Excessive bleeding is associated with a high mortality risk. In this study, citric acid and ascorbic acid were sequentially modified on the surface of microcrystalline cellulose (MCAA) to increase its carboxyl content, and their potential as hemostatic materials was investigated. The MCAA exhibited a carboxylic group content of 9.52 %, higher than that of citric acid grafted microcrystalline cellulose (MCA) at 4.6 %. Carboxyl functionalization of microcrystalline cellulose surfaces not only plays a fundamental role in the structure of composite materials but also aids in the absorption of plasma and stimulation of platelets. Fourier -transform infrared (FT-IR), thermogravimetric analysis (TGA) and X-ray photoelectron spectroscopy (XPS) spectra confirmed that carboxyl groups were successfully introduced onto the cellulose surface. Physical properties tests indicated that the MCAA possessed higher thermal stability (Tmax = 472.2 °C) compared to microcrystalline cellulose (MCC).
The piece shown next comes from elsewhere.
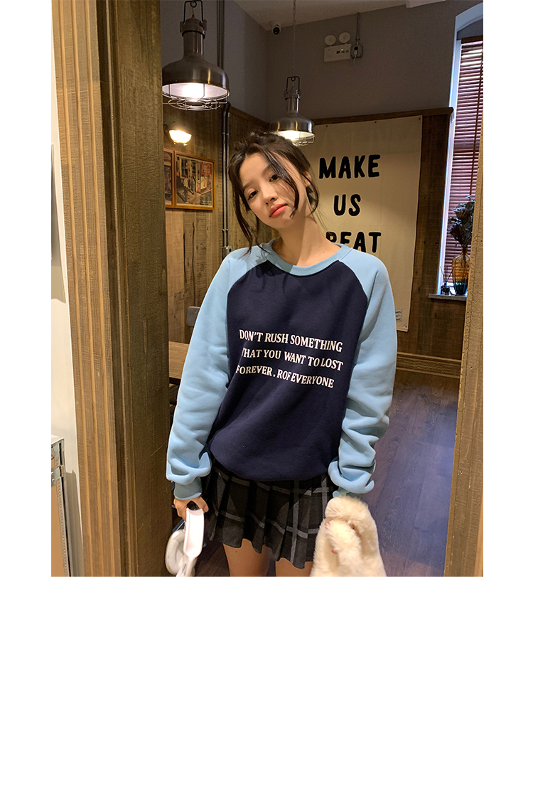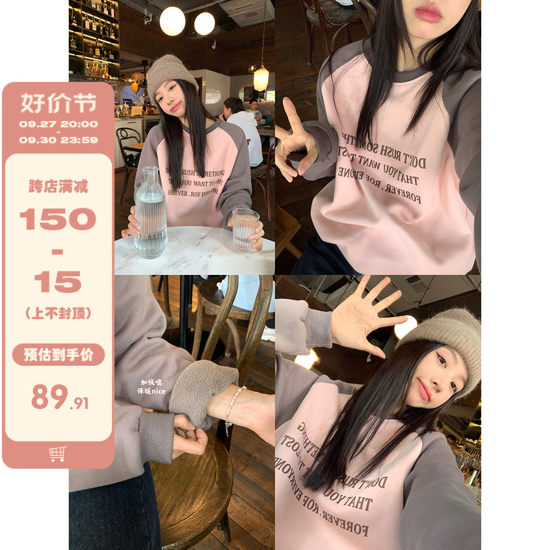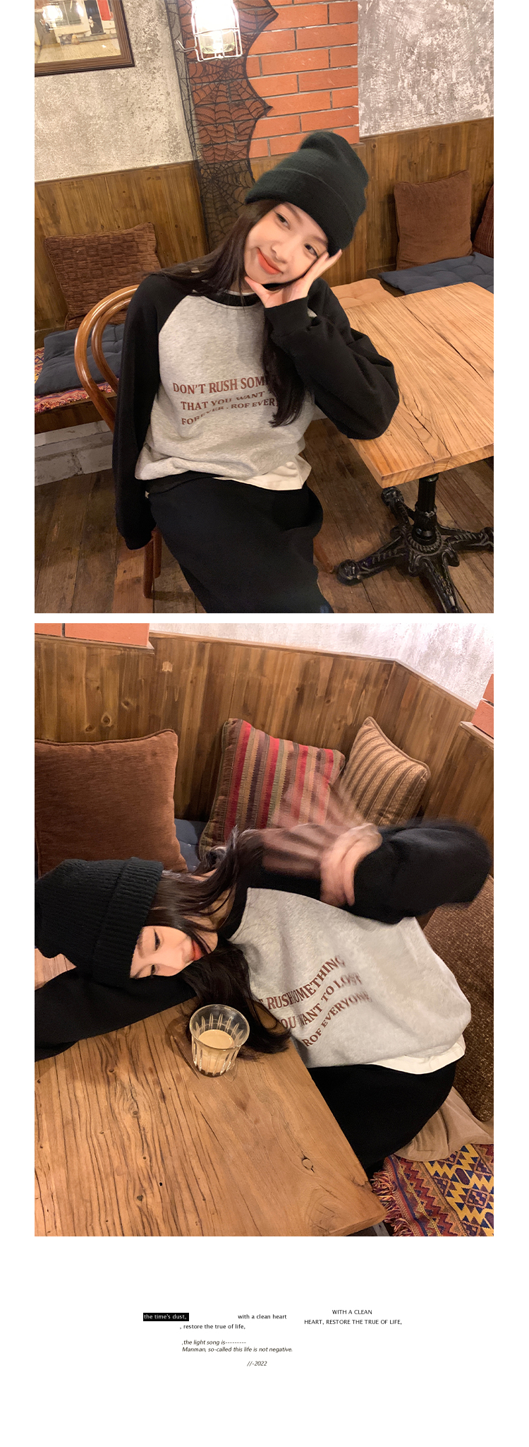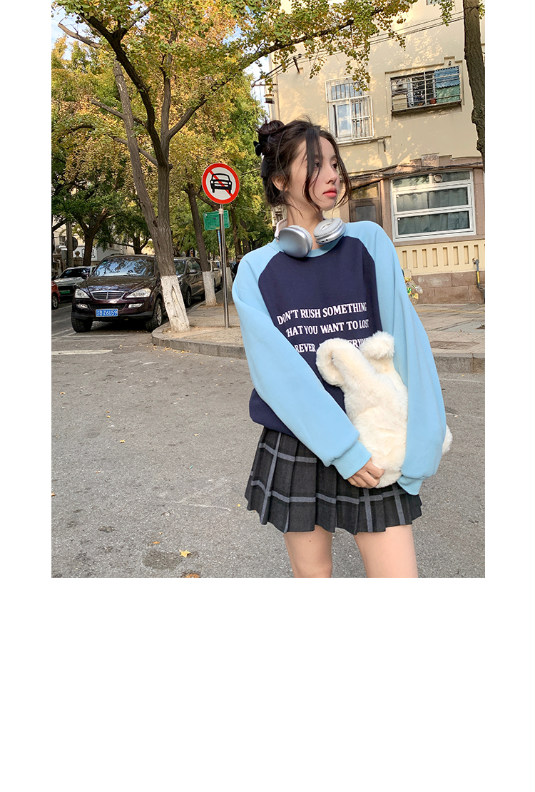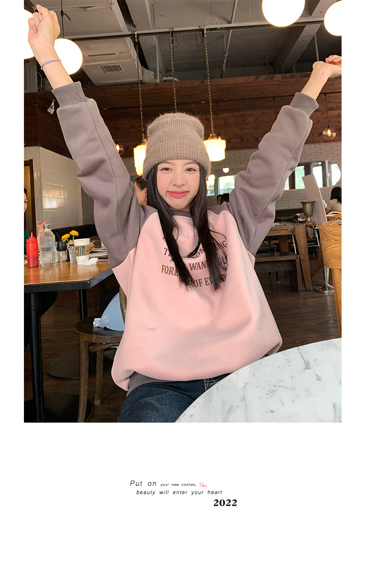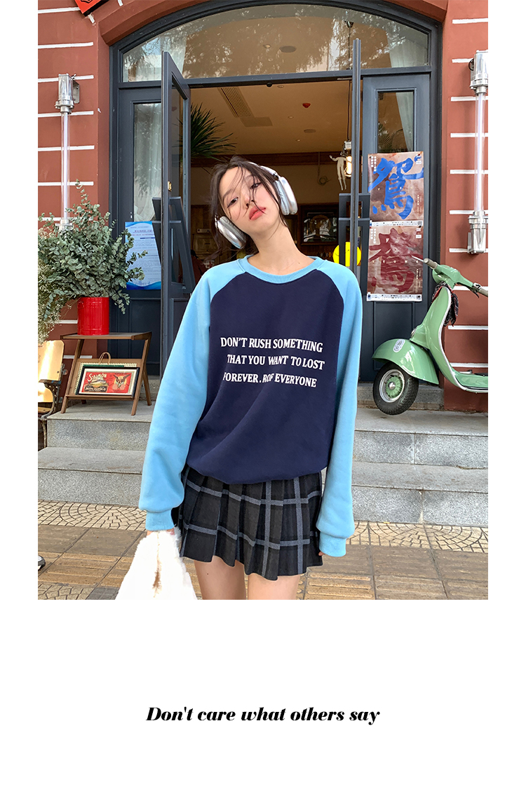 馨幫幫 自制韓版撞色字母印花插肩袖衛衣女2023秋冬新款休閒顯瘦

Additionally, in vitro hemocompatibility, cytotoxicity and hemostatic property results demonstrated that MCAA displayed good biocompatibility (hemolysis ratio <1 %), optimal cell compatibility (cell viability exceeded 100 % after 72 h incubation), and impressive hemostatic effect (BCIMCAA = 31.3 %). Based on these findings, the hemostatic effect of covering a wound with MCAA was assessed, revealing enhanced hemostatic properties using MCAA in tail-amputation and liver-injury hemorrhage models. Furthermore, exploration into hemostatic mechanisms revealed that MCAA can significantly accelerate coagulation through rapid platelet aggregation and activation of the clotting cascade. Notably, MCAA showed remarkable biocompatibility and induced minimal skin irritation. In conclusion, the results affirmed that MCAA is a safe and potentially effective hemostatic agent for hemorrhage control.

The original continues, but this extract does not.